Geochemical forcing: Impacts on functional genomics

The geochemical conditions in Conch and Octopus Springs are linked to differences in the distribution of key functional genes that regulate electron transfer reactions involving arsenic, sulfur, and oxygen. Keystone populations present in these alkaline (pH 8-9) habitats included Thermocrinis, Pyrobaculum and Caldipriscus, and although the metabolic potential of each of these organisms was highly similar between the two habitats, there were several notable exceptions (Fig. 5). For example, Pyrobaculum populations in Octopus Spring contained an arsenite oxidase (Aio) and HCO complex, while these genes were completely absent in the Pyrobaculum from Conch Spring. Caldipriscus populations also contained a type 1 HCO but only the population from Conch Spring contained a cytochrome bd ubiquinol oxidase (Cyt bd), known to be a high-affinity oxygen reductase20 as well as a sulfide:quinone oxidoreductase (Sqr) that is important in the oxidation of sulfide30. Thermocrinis, the predominant population in both communities, exhibited similar metabolic potential in each habitat, including the oxidation of thiosulfate (Sox complex) and arsenite (Aio) using oxygen as an electron acceptor (HCO). However, as will be shown, the actual transcription of these genes was remarkably different between sulfidic and microaerobic environments. A broader look at energy-related genes using hierarchal clustering (Supplementary Fig. 7) shows similar results, and high reproducibility between each of the phylotypes found in both habitats (i.e., Thermocrinis, Pyrobaculum, Caldipriscus). Thermocrinis populations in both environments contained a convincing set of genes necessary for the synthesis and use of flagella (Supplementary Fig. 8).

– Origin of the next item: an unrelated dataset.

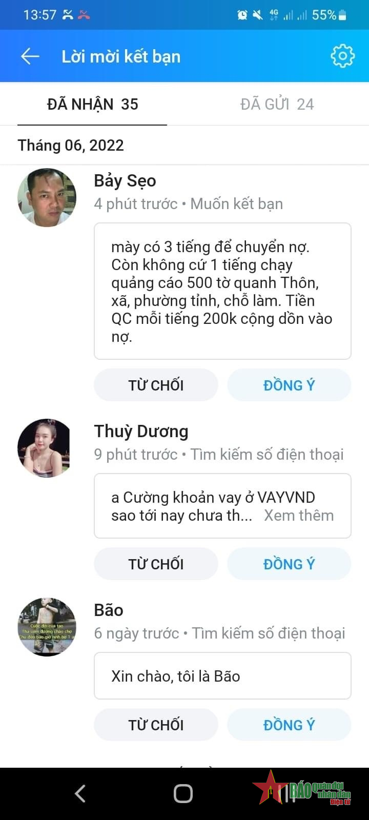 Chị Ngô Minh Hương ở TP Hải Dương (tỉnh Hải Dương) chia sẻ: “Vừa qua, tôi bị nhiều số điện thoại thường xuyên gọi điện, nhắn tin đe dọa vào lúc nghỉ trưa, nửa đêm để đòi khoản nợ của một người thân. Mỗi ngày họ gọi hàng chục cuộc điện thoại, chặn số này thì lại có số khác gọi đến. Sau khi xác minh, tôi thấy khoản nợ này không có thực nên đã nhắn tin nói rõ, nhưng đối tượng khẳng định có khoản nợ đó và tiếp tục làm phiền, ảnh hưởng đến cuộc sống, công việc của tôi”.

Fig. 5: Electron transfer and carboxylation genes in microbial populations from Conch and Octopus Springs.
figure 5

Keystone microbial populations present in both springs (A), or populations present only in Conch (B) or only in Octopus (C) Springs [sox sulfur oxidation pathway, aio arsenite oxidase, sqr sulfide:quinone oxidoreductase, ttr tetrathionate reductase, psr polysulfide reductase, dsr dissimilatory sulfite/sulfate reductase, hco heme Cu oxidases, cytbd cytochrome bd ubiquinol oxidase, cydAA’ archaeal cytochrome oxygen reductase, ccl/ccs citryl-CoA lyase/citryl-coA synthetase, fdh formate dehydrogenase, acc acetyl CoA carboxylase, por pyruvate oxidoreductase].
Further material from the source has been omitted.